Taking a cookie-cutter approach to treating autism will never work. Finding the interventions that work best for you or your child is key.

Autism spectrum disorder and other mental health issues can’t wait. At Amen Clinics, we’re here for you. We offer in-clinic brain scanning and appointments, as well as mental telehealth, clinical evaluations, and therapy for adults, teens, children, and couples. Find out more by speaking to a specialist today at 888-288-9834 or visit our contact page here.


  1. My nephew has a high degree of autism. We are looking for some early intervention since he is only 6 years old. It is good to know how important this support is. I like how you said without it, they may not have have independence as an adult or a good job, not to mention relationship hassles.

    Comment by Vivian Black — January 11, 2022 @ 7:36 AM

  2. I want to get tested myself. I suspect that I have Aspergers. Most of my life I’ve had a hard time connecting with people. Attention deficit disorder, and dyslexia also run in my family.

    Comment by Sharon Tyler — April 29, 2022 @ 4:03 AM

  3. I prefer the term autism spectrum difference. I was diagnosed in my forties, which explained difficulties throughout my whole life. My brain is wired differently and I do not require treatments, I do better with extra support and understanding.

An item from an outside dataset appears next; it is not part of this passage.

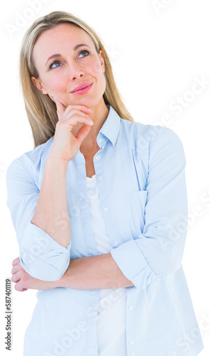 Smiling blonde thinking with hand on chin

    Comment by Lin Reinbold — April 29, 2022 @ 9:12 AM

  4. Overall I found this article supportive and neurodiversity affirming- until I saw ABA as an intervention. Countless autistic adults who have been through this process have been traumatised and it is NOT considered ND affirming. Please don’t recommend this practice for Autistic children.

    Comment by Nicci — April 29, 2022 @ 2:47 PM

  5. I was recently diagnosed on the autistic spectrum at the age of 56, after 22 years of (now failing) marriage and having 2 children, who are currently still living with me. I am worried that I could have made mistakes as a wife and mother that I might not even be aware of, but I can’t find much advice online which is relevant to my situation. Can you help? (I live in the UK, in case that makes a difference.)

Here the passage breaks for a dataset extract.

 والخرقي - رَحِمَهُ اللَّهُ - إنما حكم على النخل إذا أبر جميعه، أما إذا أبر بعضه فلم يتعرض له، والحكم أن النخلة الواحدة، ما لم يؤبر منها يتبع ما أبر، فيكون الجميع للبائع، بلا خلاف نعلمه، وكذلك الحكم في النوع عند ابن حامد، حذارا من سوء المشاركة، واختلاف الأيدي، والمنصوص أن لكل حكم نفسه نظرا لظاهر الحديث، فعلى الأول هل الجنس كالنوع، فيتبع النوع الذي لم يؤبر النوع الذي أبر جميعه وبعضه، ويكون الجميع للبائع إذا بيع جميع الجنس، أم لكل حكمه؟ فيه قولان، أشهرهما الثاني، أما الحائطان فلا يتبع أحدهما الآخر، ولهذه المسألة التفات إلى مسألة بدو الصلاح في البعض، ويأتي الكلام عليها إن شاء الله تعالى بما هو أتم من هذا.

    Comment by Tracey — May 6, 2022 @ 1:00 AM

  6. My 8year old grandson has all 10 symptoms of Aspergers but has never been officially diagnosed. My grown soon to be divorced adult daughter is a Marriage Family Therapist who thinks her son will be “labeled” if he is given an official diagnosis on his records. She doesn’t think he needs behavioral therapy which is surprising. They both live in my home which is causing serious problems. He is home schooled and has very limited interaction with other children. I am extremely concerned if he doesn’t get the much needed help now it will effect his long term future happiness. COVID has made things much worse. I am looking for guidance on how families cope with this devastating condition and with my daughter who is in complete denial.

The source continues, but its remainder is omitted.